### WHAT THE EXERCISE ASKS
Retype only the lines below from the one with "Promotion Santé recrute" to the one with "Fototapeta premium A", inclusive, skipping every image.

● ● ● ● ●

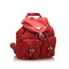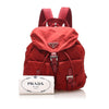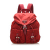 This Prada backpack features a nylon body, an exterior front pocket with buckle closure, a flat back straps, a flat top handle, a top flap with a buckle closure, a drawstring closure, and an interior zip pocket. The top opens to a spacious interior. This is a stylish backpack you can use to impress in your daily travels.
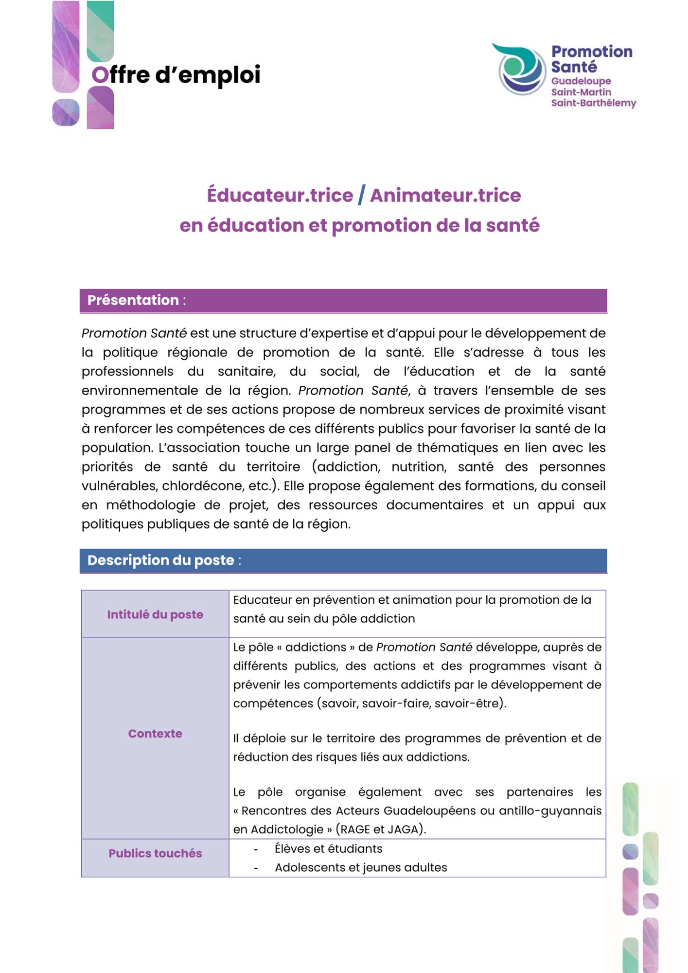 Promotion Santé recrute son Educateur en prévention et animation pour la promotion de la santé au sein du pôle addiction !
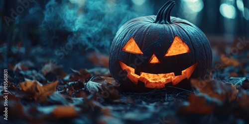 Fototapeta premium A carved Halloween pumpkin sits atop a pile of colorful leaves, perfect for...
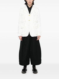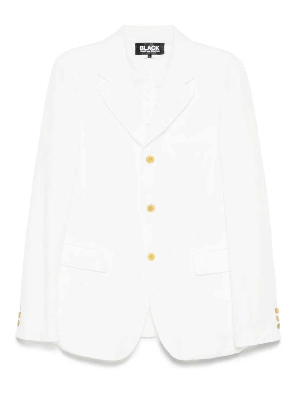 single-breasted blazer Highlights - White - Front button fastening - Chest welt pocket - Two front flap pockets - Buttoned cuffs Imported Composition Lining: Polyester 100% Outer: Polyester 100% SIZE & FIT Model measurements Height 5 ft 9 in(1.76 m) Bust/Chest 31.1 in(79 cm) Hips 35.03 in(89 cm) Waist 24.4 in(62 cm) FittingInformation This piece is unisex – expect a slim fit if you usually select men's sizing; expect a looser fit if you usually select women's sizes Made from a midweight non-stretch fabric
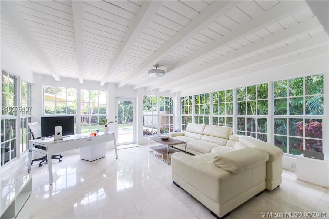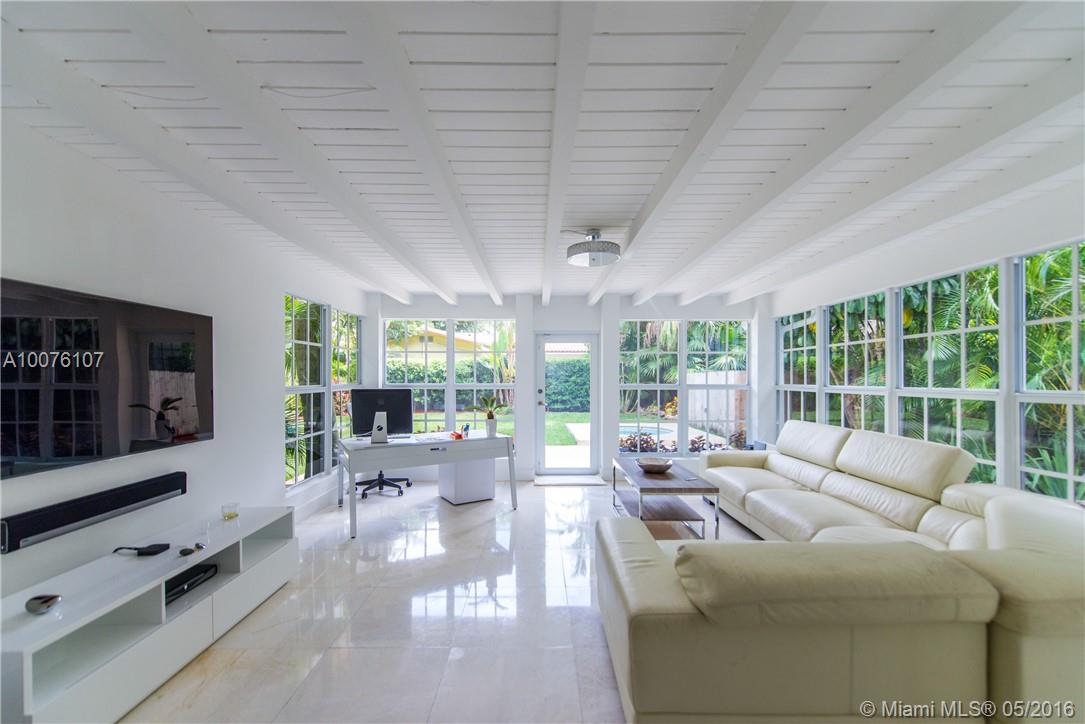Mediterranean Magic w/ a modern twist on fabulous La Gorce Drive. Beautifully renovated 4 BD, 4 BA home originally designed by premier architect, L Murray Dixon. Stunningly remodeled w/ large eat in kitchen, gas stove, subzero refrigerator/freezer, & stone countertops. New hard wood & marble floors, hurricane impact windows & doors, volume ceilings, formal living rm. w/cathedral ceiling & glorious family rm. that soaks up the morning sun. Large lush back yard w/ splash pool. Easy to show!

● ● ● ● ●

### ANSWER SECTION
 Promotion Santé recrute son Educateur en prévention et animation pour la promotion de la santé au sein du pôle addiction !
 Fototapeta premium A carved Halloween pumpkin sits atop a pile of colorful leaves, perfect for...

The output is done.